### Exercise input:
== Segment start ==

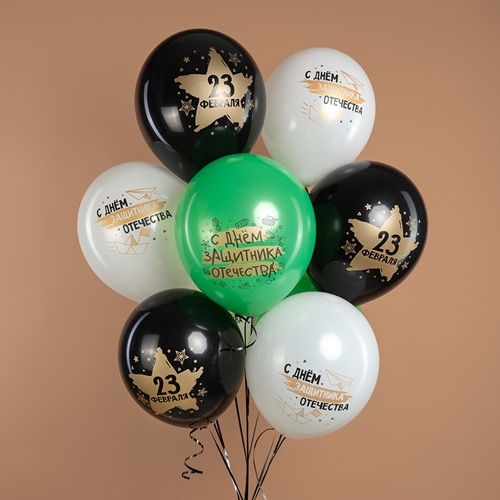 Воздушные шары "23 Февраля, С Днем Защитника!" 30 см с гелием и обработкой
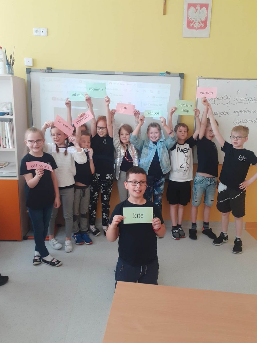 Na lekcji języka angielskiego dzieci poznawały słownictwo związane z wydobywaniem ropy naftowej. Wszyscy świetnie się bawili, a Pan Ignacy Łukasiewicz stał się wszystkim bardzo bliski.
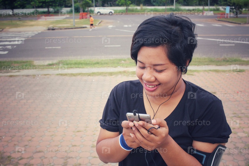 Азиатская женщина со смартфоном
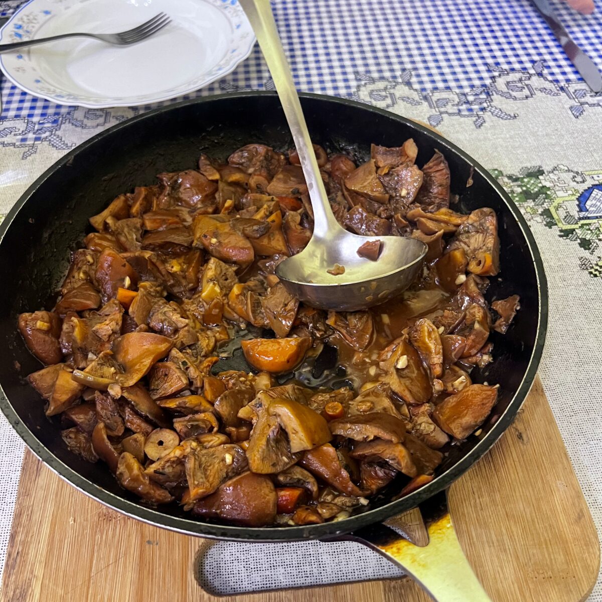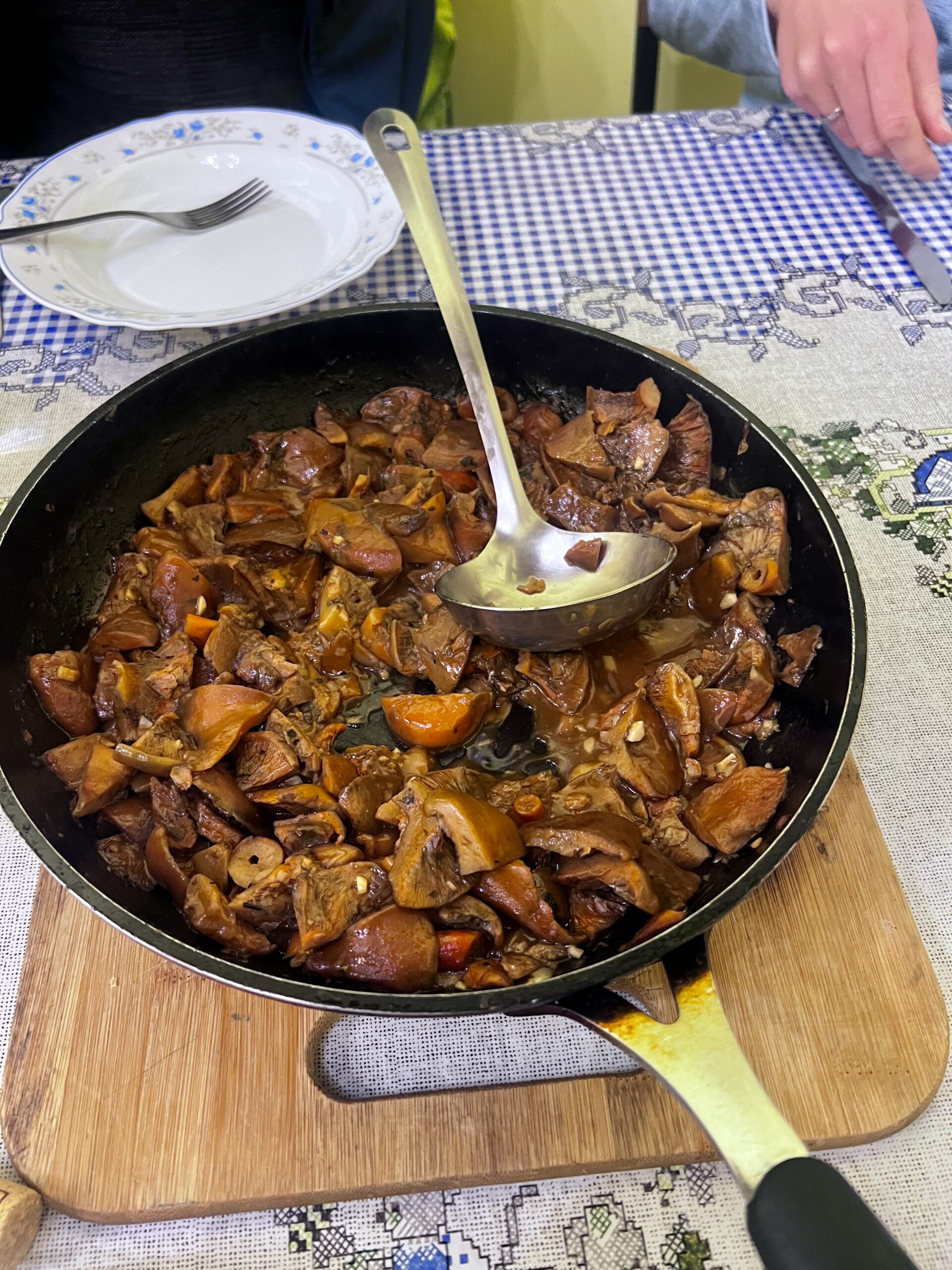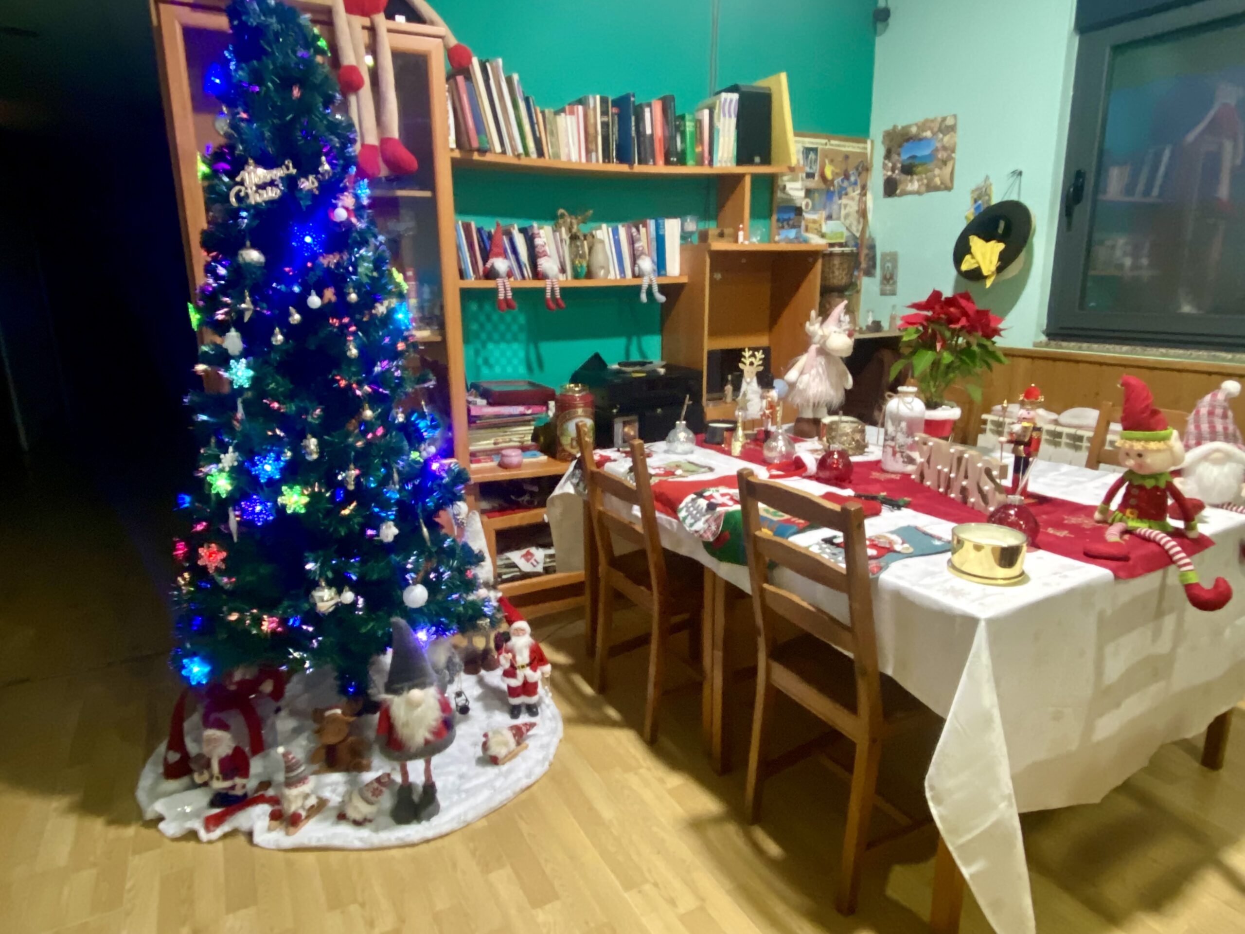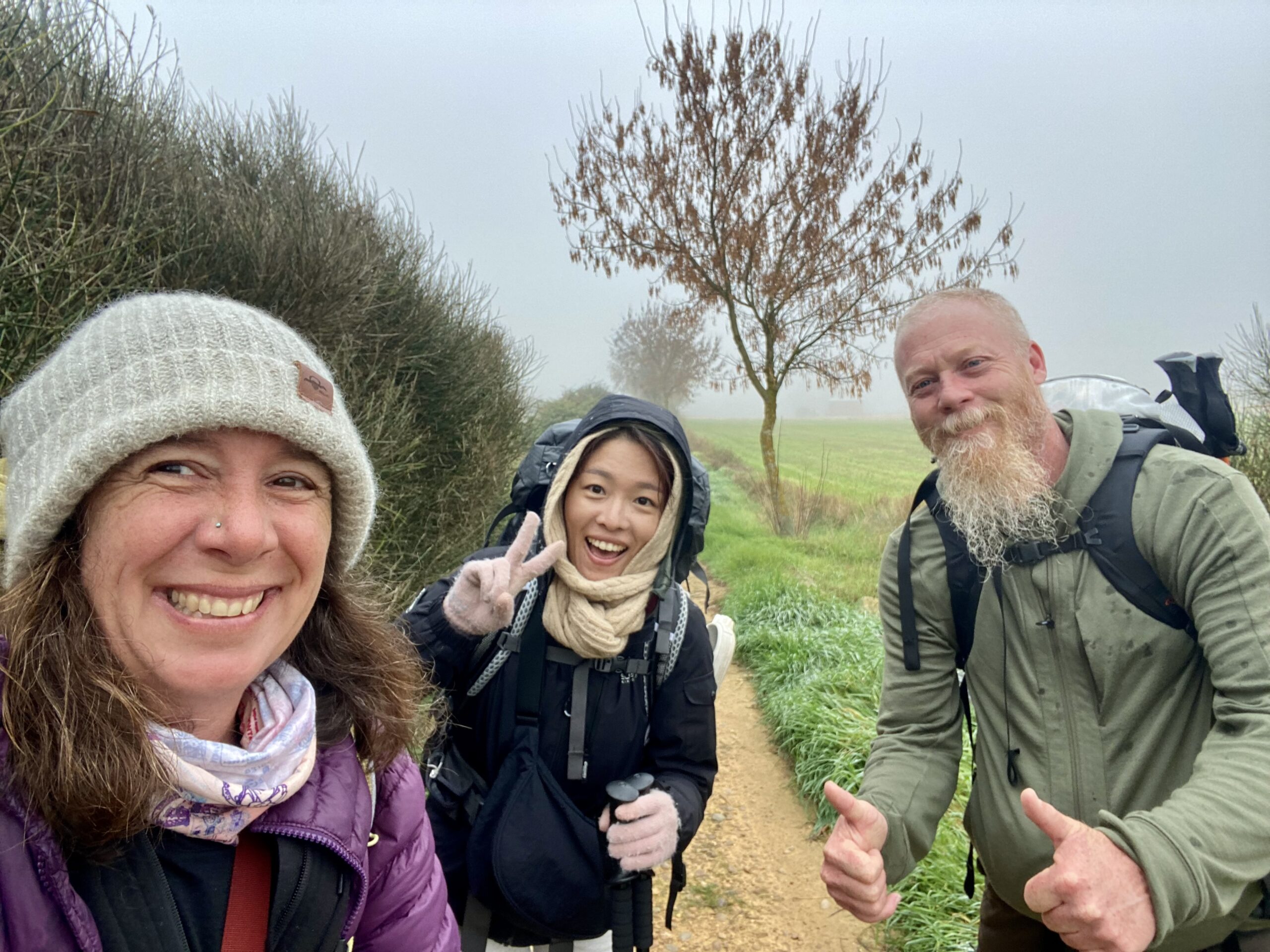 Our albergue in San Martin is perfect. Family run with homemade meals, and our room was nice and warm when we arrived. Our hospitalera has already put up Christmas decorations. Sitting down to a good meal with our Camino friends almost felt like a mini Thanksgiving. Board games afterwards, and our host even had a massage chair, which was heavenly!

== Segment end ==
== Segment start ==

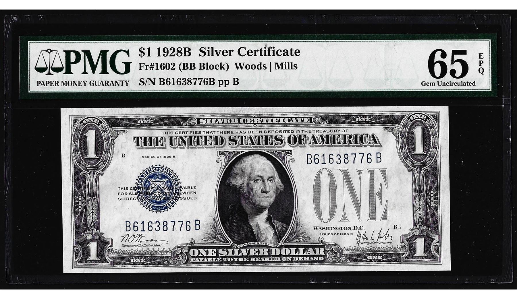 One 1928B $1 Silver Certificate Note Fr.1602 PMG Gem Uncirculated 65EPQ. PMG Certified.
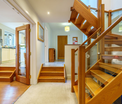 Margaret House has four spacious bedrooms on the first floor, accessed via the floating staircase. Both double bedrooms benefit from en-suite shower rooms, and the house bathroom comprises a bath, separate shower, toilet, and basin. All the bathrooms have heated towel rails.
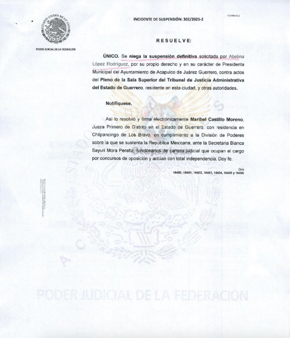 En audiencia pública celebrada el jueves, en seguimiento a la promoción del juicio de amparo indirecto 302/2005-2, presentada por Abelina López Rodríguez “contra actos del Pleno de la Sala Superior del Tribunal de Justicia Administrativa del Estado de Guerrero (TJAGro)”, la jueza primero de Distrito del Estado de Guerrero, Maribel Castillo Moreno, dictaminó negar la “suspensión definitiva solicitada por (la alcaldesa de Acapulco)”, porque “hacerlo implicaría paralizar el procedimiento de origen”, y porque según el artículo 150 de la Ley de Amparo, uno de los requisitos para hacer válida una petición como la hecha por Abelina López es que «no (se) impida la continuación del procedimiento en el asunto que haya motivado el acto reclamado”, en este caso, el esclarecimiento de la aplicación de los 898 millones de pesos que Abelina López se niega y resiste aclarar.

== Segment end ==

### What you have to do:
Print nothing but the lines above starting with the line that contains "Азиатская женщина со смартфоном" and going on through the line that contains "Our albergue in". Leave out the pictures.

### Output:
 Азиатская женщина со смартфоном
 Our albergue in San Martin is perfect. Family run with homemade meals, and our room was nice and warm when we arrived. Our hospitalera has already put up Christmas decorations. Sitting down to a good meal with our Camino friends almost felt like a mini Thanksgiving. Board games afterwards, and our host even had a massage chair, which was heavenly!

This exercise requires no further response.